I freely admit that I often get my era’s mixed up but wasn’t there a much greater concentration of atmospheric oxygen at some point? This is what allowed the insects to achieve such large sizes. Given the higher concentrations of oxygen their respiration systems weren’t as limited as they are currently. The higher amounts of oxygen coming from greater density of plant life.
The era you’re thinking of is the Carboniferous, I think.
The key point there is carbon dioxide concentration in the blood, the carbon dioxide is produced by metabolic processes. Doubling the amount of CO2 in the atmosphere won’t have a corresponding affect on blood chemisty.
Humans can certainly tolerate a wide range of atmospheric conditions. The Apollo astronauts breathed 100% oxygen (although at reduced pressure) for 2 weeks.
Did they? I know that Apollo 8 had a 100% oxygen atmosphere, but ISTR that after the fire on the launch pad, they changed the atmosphere for to something a bit closer to normal air.
Yes, during the Carboniferous period the oxygen concentration was around 1/3 of the atmosphere (today it’s about 20%). It’s the reason giant invertebrates like dragonflies with three-foot wingspans and meter-long scorpions were able to grow so large. The way oxygen is diffused in invertebrates puts an upper limit on their size, and if you could transport one of these animals to modern times they likely wouldn’t be able to survive in today’s atmosphere.
Although lower for much of the Mesozoic, oxygen levels spiked in the late Cretaceous. Some online sources say up to 32-35%. Here’s a graph:
edit: on the graph, the late Cretaceous/end of the dinosaurs period (65 million years ago) should be about 35% of the way from the “100 million years ago” mark to today – right where the curve peaks.
Modern impact hypotheses generally mention worldwide firestorms caused by impact heat and by masses of superheated material falling back through the atmosphere around the world, and made more intense by the higher oxygen concentration.
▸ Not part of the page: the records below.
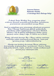 Komendant Główny Policji gen. insp. Marek Boroń w imieniu własnym oraz kierownictwa polskiej Policji zwraca się do policjantów, policjantek, pracowników cywilnych, emerytów i rencistów policyjnych oraz przedstawicieli związków zawodowych oraz organizacji pozarządowych przekazując życzenia z okazji Świąt Wielkanocnych.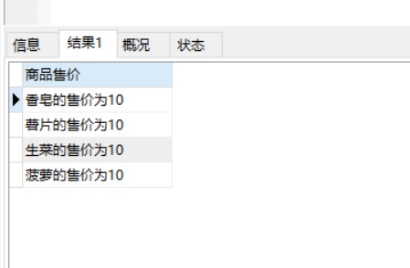 SELECT CONCAT(goodsName,'的售价为',salePrice) AS '商品售价'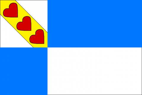Vlajka města Jirkova, udělena v roce 2016 (návrh a kresba Stanislav Kasík).
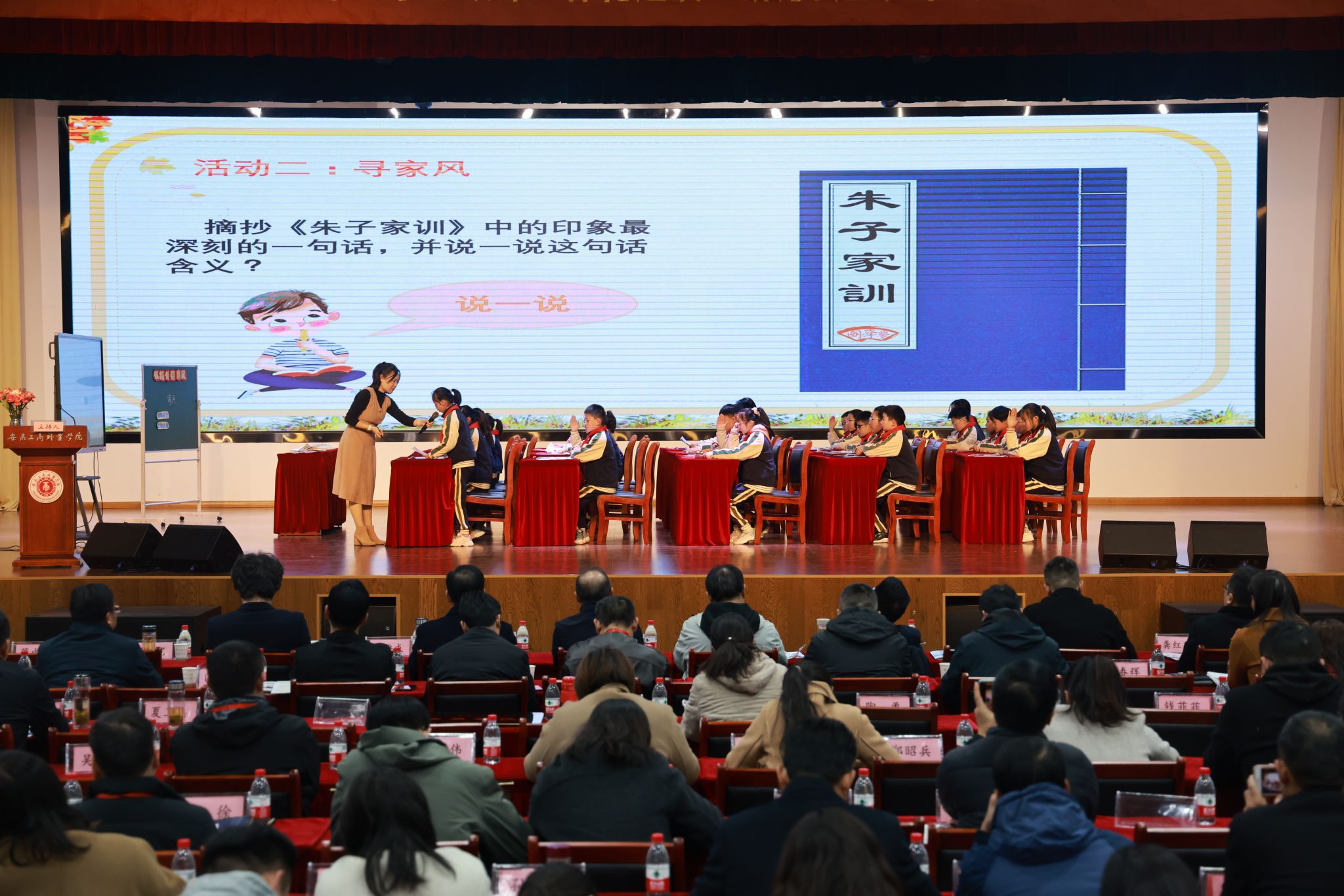 示范课展示环节,来自安徽工商职业学院、安徽国际商务职业学院、长丰县朱巷中学、长丰县第二中学和长丰县北城实验小学的五位教师代表围绕《弘扬家庭美德,传承良好家风家教》主题同课异构、同题共答、同台展示,共上一堂思政课。长丰县北城实验小学党支部书记、校长董飞虹,长丰县城关中学教科室副主任谭联合,合肥工业大学附属中学思政名师、安徽省特级教师曹勤,安徽省大中小学思政课一体化建设专家指导组组长刘新跃先后作精彩点评。

They did for launch, but the in-flight atmosphere was 100% oxygen. See Wikipedia: http://en.wikipedia.org/wiki/Apollo_1#Remains_of_CM-012
I just wanted to point out that there is no such thing as a ‘brontosaurus’. I’m pretty sure the OP meant a Apatosaurus (probably spelled that wrong), or maybe one of the other sauropida.
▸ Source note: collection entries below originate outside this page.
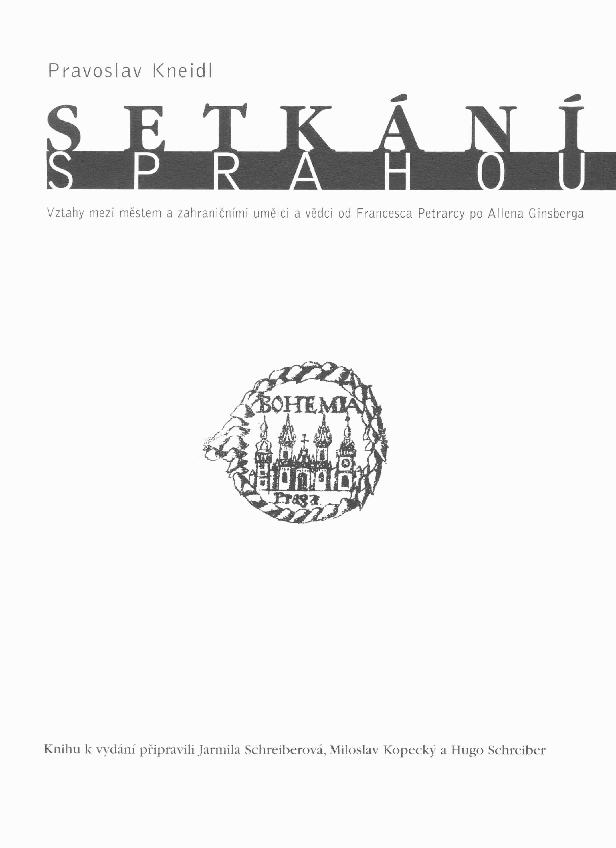 Setkání s Prahou : vztahy mezi městem a zahraničními umělci a vědci od Francesca Petrarcy po Allena Ginsberga / Pravoslav Kneidl ; knihu k vydání připravili Jarmila Schreiberová, Miloslav Kopecký a Hugo Schreiber ; [předmluva Jiří T. Kotalík ; návrh obálky a vazby, grafická úprava Jan Kneidl]. -- 1. vyd. -- Praha : Perseus, 2005. -- 435 s. : il., portréty, faksim. -- Zdobený barevný přebal a vazba. - Nakladatelská značka na vakátě. - Zdobený patitul a titulní list. - Slovo primátora hl. m. Prahy. - Předmluva. - Úvod. - Osobnosti. - Černobílé fotografie, ilustrace a faksimile. - Ediční poznámka. - Anglické, francouzské a německé resumé. - Obsahuje bibliografii, bibliografické odkazy a rejstřík. - Obsah. -- Resumé: Kniha podává přehled významných zahraničních osobností, zejména literátů, kteří navštívili Prahu v období od 14. století do druhé poloviny 20. století.. -- Resumé: edle spisovatelů jsou v seznamu zahrnuti i významní světoví badatelé a vědci s ohledem na jejich literární působení. Medailony jednotlivých osobností jsou přehledné. Vedle jména a životopisných dat je připojena stručná charakteristika, dále autobiografické údaje, přehled hlavních děl a okolnosti návštěvy Prahy, včetně případných ukázek literární tvorby nebo korespondence, vztahující se k tomuto městu. -- ISBN : 80-239-5506-3 (váz.).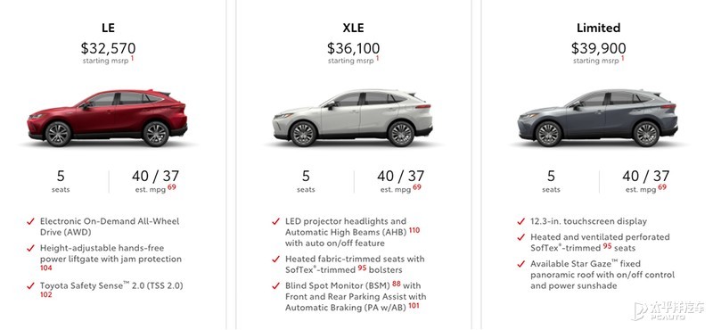 而美规车型Venza则简化很多,共推出LE、XLE、Limited三个配置,由于北美买家对动力的有较高要求,因此全系车型毫不墨迹地提供2.5L混合动力系统+四轮驱动,售价区间从32570-39900美元(折合人民币21.17-25.4万元)。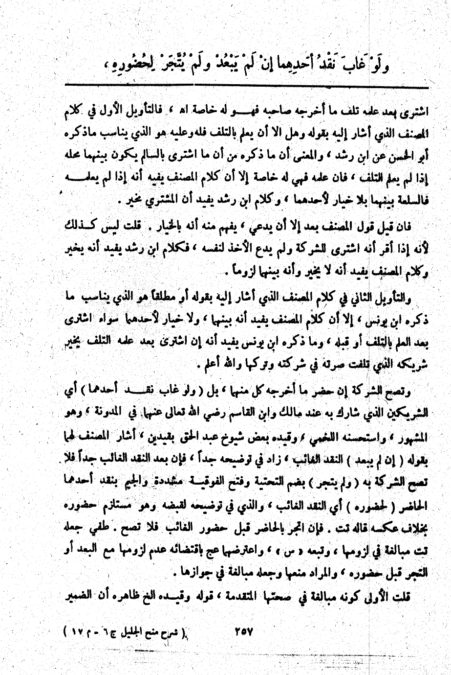 ـــــــــــــــــــــــــــــQاشْتَرَى بَعْدَ عِلْمِهِ تَلَفَ مَا أَخْرَجَهُ صَاحِبُهُ فَهُوَ لَهُ خَاصَّةً. اهـ. فَالتَّأْوِيلُ الْأَوَّلُ فِي كَلَامِ الْمُصَنِّفِ الَّذِي أَشَارَ إلَيْهِ بِقَوْلِهِ وَهَلْ إلَّا أَنْ يَعْلَمَ بِالتَّلَفِ فَلَهُ وَعَلَيْهِ هُوَ الَّذِي يُنَاسِبُ مَا ذَكَرَهُ أَبُو الْحَسَنِ عَنْ ابْنِ رُشْدٍ، وَالْمَعْنَى أَنَّ مَا ذَكَرَهُ مِنْ أَنَّ مَا اشْتَرَى بِالسَّالِمِ يَكُونُ بَيْنَهُمَا مَحِلُّهُ إذَا لَمْ يَعْلَمْ التَّلَفَ، فَإِنْ عَلِمَهُ فَهِيَ لَهُ خَاصَّةً إلَّا أَنَّ كَلَامَ الْمُصَنِّفِ يُفِيدُ أَنَّهُ إذَا لَمْ يَعْلَمْهُ فَالسِّلْعَةُ بَيْنَهُمَا بِلَا خِيَارٍ لِأَحَدِهِمَا، وَكَلَامُ ابْنِ رُشْدٍ يُفِيدُ أَنَّ الْمُشْتَرِيَ مُخَيَّرٌ.

As to the actual question, no idea.
-XT
And there’s also no such thing as a “dog”; people using that word probably mean Canis familiaris.
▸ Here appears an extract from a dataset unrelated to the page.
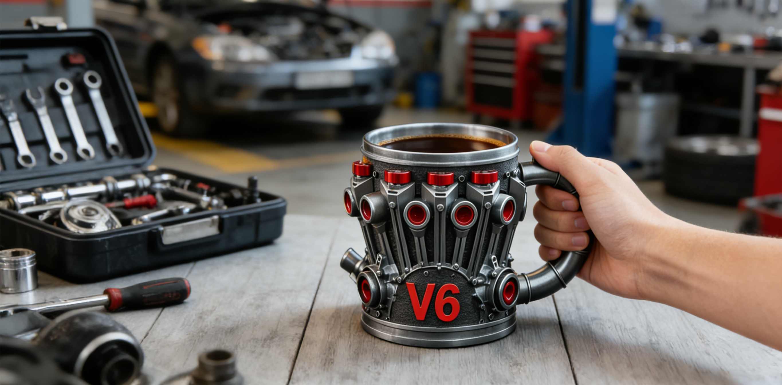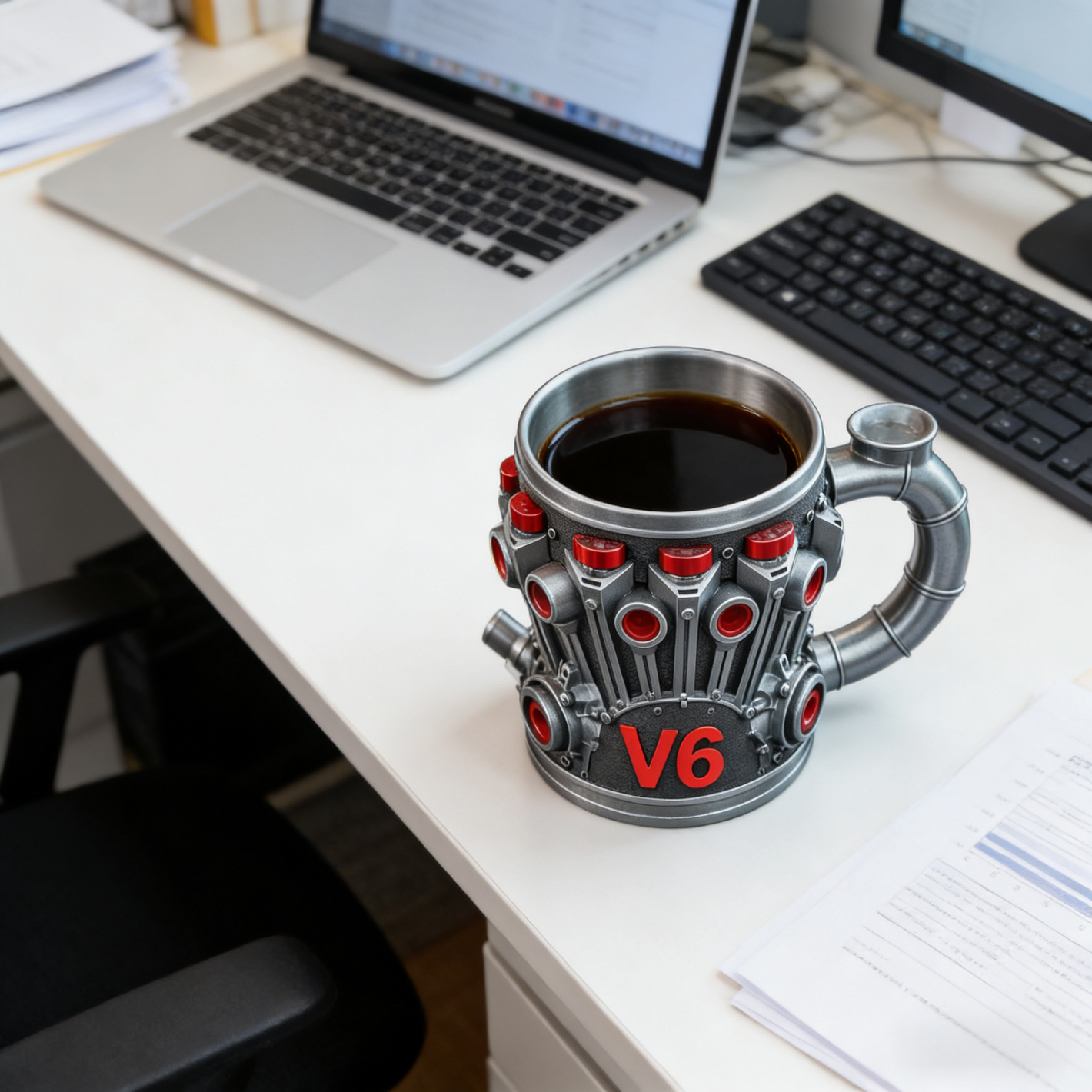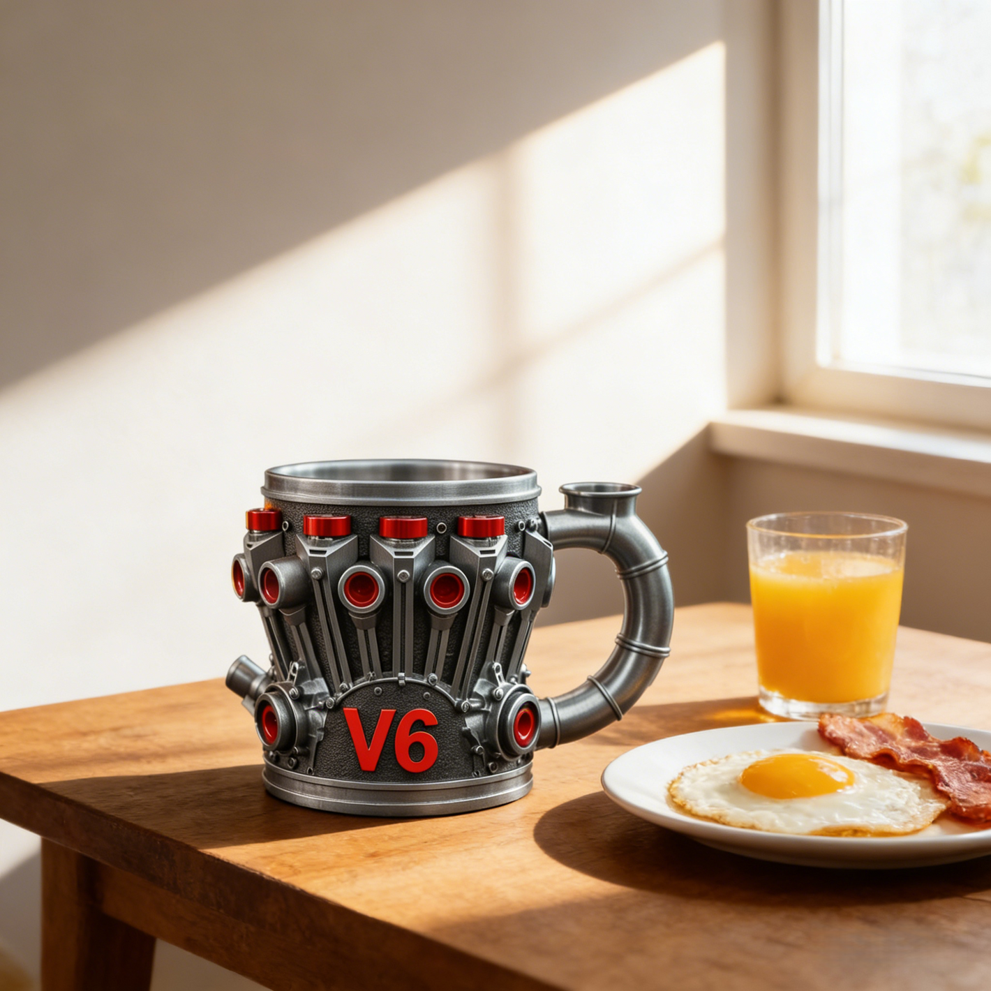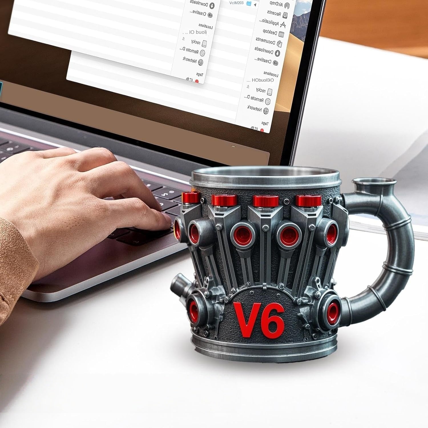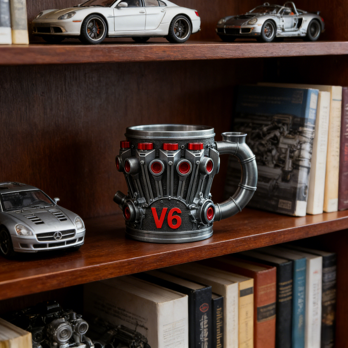 This V6 engine mug is designed to fit your routine, balancing practicality and comfort: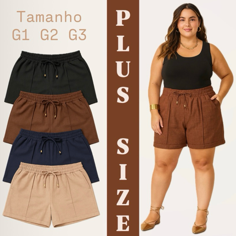 Short feminino alfaiataria PLUS SIZE verão G1 G2 G3 com elástico bolso curve linhão elegante linho

However, ‘dog’ has not been superseded by a more precise term. ‘Brontosaurus’ has been, even if it’s still in popular use.
In any case, since I had a friend of mine who specializes in this sort of thing bust my chops about it, I thought I’d share. Disregard, since it really doesn’t have much bearing on the actual question.
-XT
Well their is since everyone knows what you are talking about. The first Apatosaurus they found was so incomplete that when they found a full one of the same species and a lot bigger they thought it was different and named it Brontosaurs, Apatosaurus is correct since it was named first, they just had a young one. We have different names for young/old animals now.
The problem wouldn’t be the air. The problem would be modern viruses.
Is this right? I was under the impression that haemoglobin in the blood would bind more readily with CO2 than it would with Oxygen, so higher levels of CO2 in the atmosphere would reduce the oxygen in the blood. Isn’t this why space shuttles have CO2 scrubbers in them to keep the CO2 levels down? I thought if you had an ‘air’ mix of say 80% Oxygen and 20% CO2 it would be unbreathable as the haemoglobin would ignore the Oxygen (essentially).
His chop-busting was inappropriate, if he does, indeed, specialize in such things. Brontosaurus is still very much attached to Apatosaurus - they are different names for the same creature, with the latter having priority (and thus being the “official” name in scientific circles). There is nothing more or less “precise” about one name vs the other. It is absolutely false, however, that “there is no such thing as a ‘brontosaurus’”.
And really, if you’re going to bust chops over “brontosaurus”, you should also bust chops over “T-Rex”, since that’s wrong, too - it should properly be T. rex.